Soixante-huit cercueils : ce sont les cercueils des réfugiés morts en mer dans la région de Crotone. Des cercueils devant lesquels le président de la République Sergio Mattarella s’est rendu jeudi pour exprimer ses condoléances alors qu’en Italie la contestation sur les retards présumés des efforts d’aide ne s’est pas apaisée, conduisant la justice à ouvrir des enquêtes.
Cette tragédie oblige toute l’Europe à réfléchir sur les flux migratoires et les solutions peu convaincantes proposées par les gouvernements. Pour mettre la situation en contexte, le programme d’information a interviewé Roberto Cortinovis, chercheur au Centre d’études politiques européennes à Bruxelles :
« Ces dernières années, l’Union européenne a multiplié les initiatives diplomatiques et politiques avec les pays d’origine et de transit des flux migratoires, parallèlement à la mobilisation d’énormes ressources financières.

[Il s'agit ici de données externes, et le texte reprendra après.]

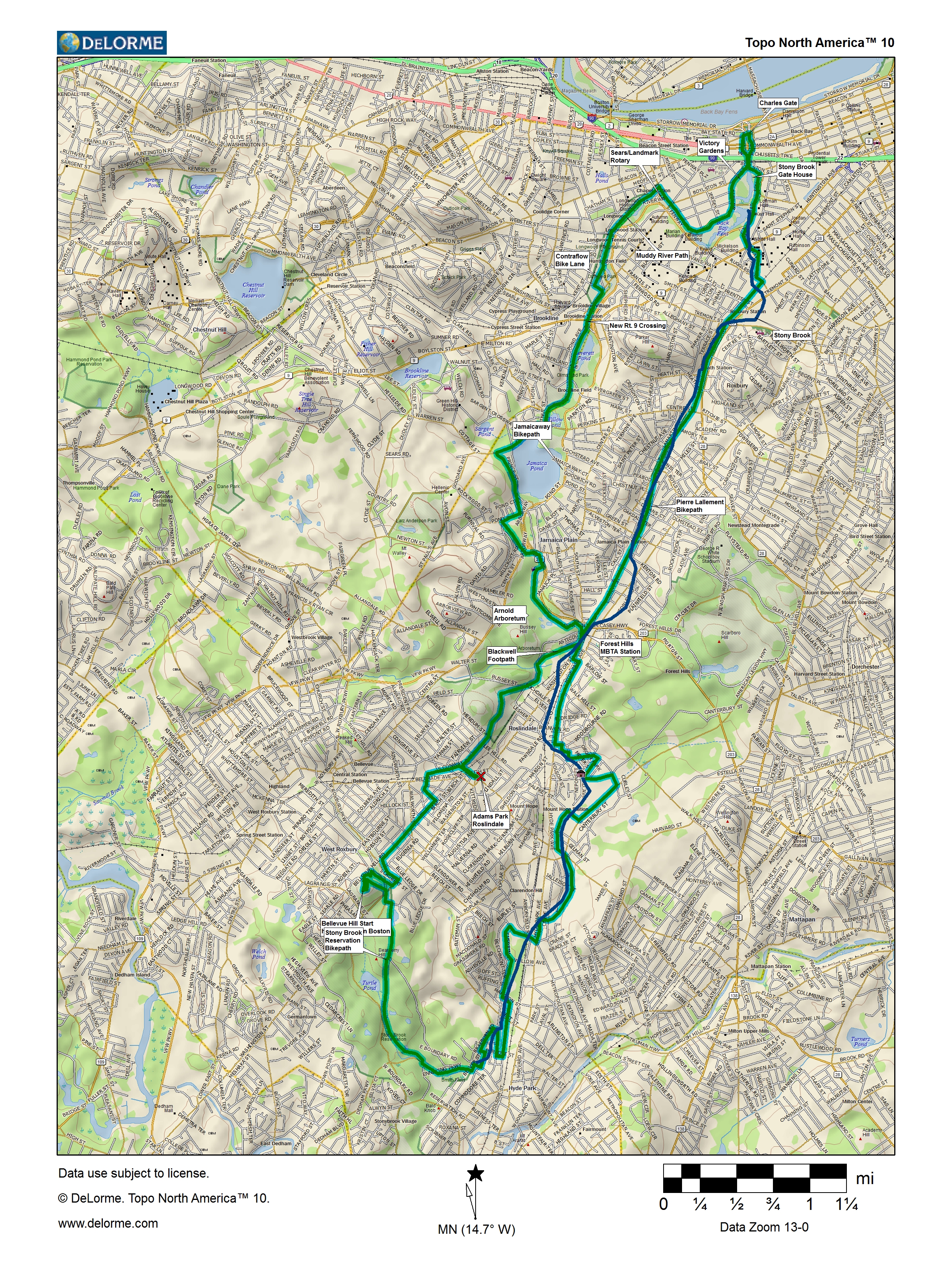 Photos of the 2017, 2013, 2010, and 2007 RidesGetting To the StartAdams Park in Roslindale Square, the center of a triangular rotary formed by the intersections of Washington, Poplar, Corinth, and South Streets. Cummins Highway, coming from the east, dead ends into the park, too. It is about one mile south of the Forest Hills Orange Line MBTA station.Bellevue Hill is above the highest point on Washington St., about a mile south of Roslindale Square (and a couple of hundred feet higher). The West Roxbury and Enneking Parkways intersect with Washington St. here. By BikeFrom the North: Take the Southwest Corridor or the Emerald Necklace paths or the Ornage Line to Forest Hills, then follow the Washington St. bike lanes to Roslindale Square or Bellevue Hill.From the East: Come through Franklin Park to Forest Hills and follow the Washington St. bike lanes, or take Cummins Highway from Mattapan. From the South: Take Washington St. or Belgrade Ave. to Roslindale Square. For Bellevue Hill, take either Washington St. or the Enneking Parkway to the light, then turn left (or go straight from Ennieking) on the West Roxbury Parkway and take an immediate left onto the paved path. From the West: Take Lagrange St. from Brookline to Centre St. in West Roxbury. Turn right, then take a right on Belgrade just before the rotary, and follow that to Roslindale Square. To get to the summit of Bellevue Hill, turn right off Centre onto Bellevue, go uphill until it ends, then turn left and stop at the gate on your right. |

L’objectif affiché de ces initiatives est de s’attaquer aux causes sous-jacentes des flux, notamment socio-économiques. Cependant, force est de constater que cet agenda a ses limites et ses contradictions : l’un des principaux problèmes est que l’amélioration des conditions de vie dans les pays d’origine est un objectif complexe et de longue haleine qu’il est difficile de concilier avec la priorité des États européens à permettre à court terme de réduire les flux migratoires. De plus, toutes les causes des mouvements ne sont pas prévisibles. Pensez, par exemple, aux conflits en Syrie ou en Ukraine : il est impensable de penser que la situation puisse être gérée en déléguant toute la responsabilité aux pays de premier refuge, même si certains gouvernements européens considèrent que c’est une option viable.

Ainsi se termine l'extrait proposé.